I am trying to come up with a way to have pieces of data processed at specific time intervals by invoking aws lambda every N hours.
For example, parse a page at specific url every 6 hours and store result in s3 bucket.
Have many (~100k) urls each processed that way.
Of course, you can have a VM that hosts some scheduler that would trigger lambdas, as described in this answer, but that breaks the "serverless" approach.
So, is there a way to do this using aws services only?
Things I tried that does not work:
SQS can delay messages, but only for maximum of 15 min (I need hours) and there is no built-in integration between SQS and Lambda so you need to have some polling agent (lambda?) that would poll the qeueu all the time and send new messages to worker lambda, which again breaks the point of only executing at scheduled time;
CloudWatch Alarms can send messages to SNS that triggers Lambda. You can have periodic lambda calls implemented like that by using future metric timestamp, however alarm message cannot have a custom data (think url from example above) connected to it, so that does not work too;
I could create Lambda CloudWatch scheduled triggers programmatically but they also cannot pass any data to Lambda.
The only way I could think of, is to have a dynamo DB table with "url" records, each with the timestamp of last "processing" and have periodic lambda that would query the table and send "old" records as jobs to another "worker" lambda (directly or via SNS).
That would work, however you still need to have a "polling" lambda, which could become a bottleneck as number of items to process grows.
Any other ideas?
100k jobs every 6 hours, doesn't sound like a great use case for Serverless IMO. Personally, I would set up a CloudWatch event with a relevant cron expression that triggered a Lambda to start an EC2 instance that processed all the URLs (stored in DynamoDB) and script the EC2 instance to shutdown after processing the last url.

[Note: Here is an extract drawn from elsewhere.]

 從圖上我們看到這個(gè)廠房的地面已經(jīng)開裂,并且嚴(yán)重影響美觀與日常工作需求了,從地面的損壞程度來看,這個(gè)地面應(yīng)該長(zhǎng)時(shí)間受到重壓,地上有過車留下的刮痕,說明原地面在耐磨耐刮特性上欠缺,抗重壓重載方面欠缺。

But that's not what you asked.
You could set up a CloudWatch event with a relevant cron expression that spawns a lambda (orchestrator) reads the urls from DynamoDB or even an S3 file then invokes a second lambda (worker) for each url to actually parse the pages.

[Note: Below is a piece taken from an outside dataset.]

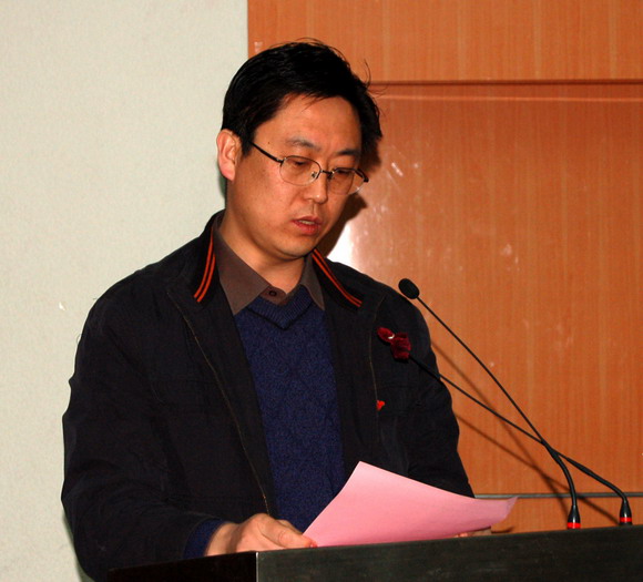 基礎(chǔ)教育學(xué)院2008級(jí)本科生左榮科同學(xué)代表獲獎(jiǎng)學(xué)生發(fā)言。他針對(duì)上學(xué)期參加給地震災(zāi)區(qū)孩子寄賀年卡活動(dòng),收到了孩子的回信這件事講述了切身體會(huì)。并表示以后要通過(guò)實(shí)際行動(dòng)將愛(ài)心和自強(qiáng)自立的精神傳播給更多的人。

Using this pattern you will start hitting concurrency issues at 1000 lambdas (1 orchestrator & 999 workers), less if you have other lambdas running in the same region. You can ask AWS to increase this limit, but I don't know under what scenarios they will do this, or how high they will increase the limit.
From here you have three choices.
Split out the payload to each worker lambda so each instance receives multiple urls to process.
Add an another column to your list of urls and group urls with this column (e.g. first 500 are marked with a 1, second 500 are marked with a 2, etc). Then your orchestrator lambda could take urls off the list in batches. This would require you to run the CloudWatch event at a greater frequency and manage the state so the orchestrator lambda when invoked knows which is the next batch (I've done this at a smaller scale just storing a variable in a S2 file).
Would be to use some combination of options 1 and 2.
Looks like, it's fitting Batch processing scenario with AWS lambda function as a job. It's serverless but obviously adds dependency on another AWS service.
In the same time, it has dashboard, processing status, retries and all perks from job scheduling service.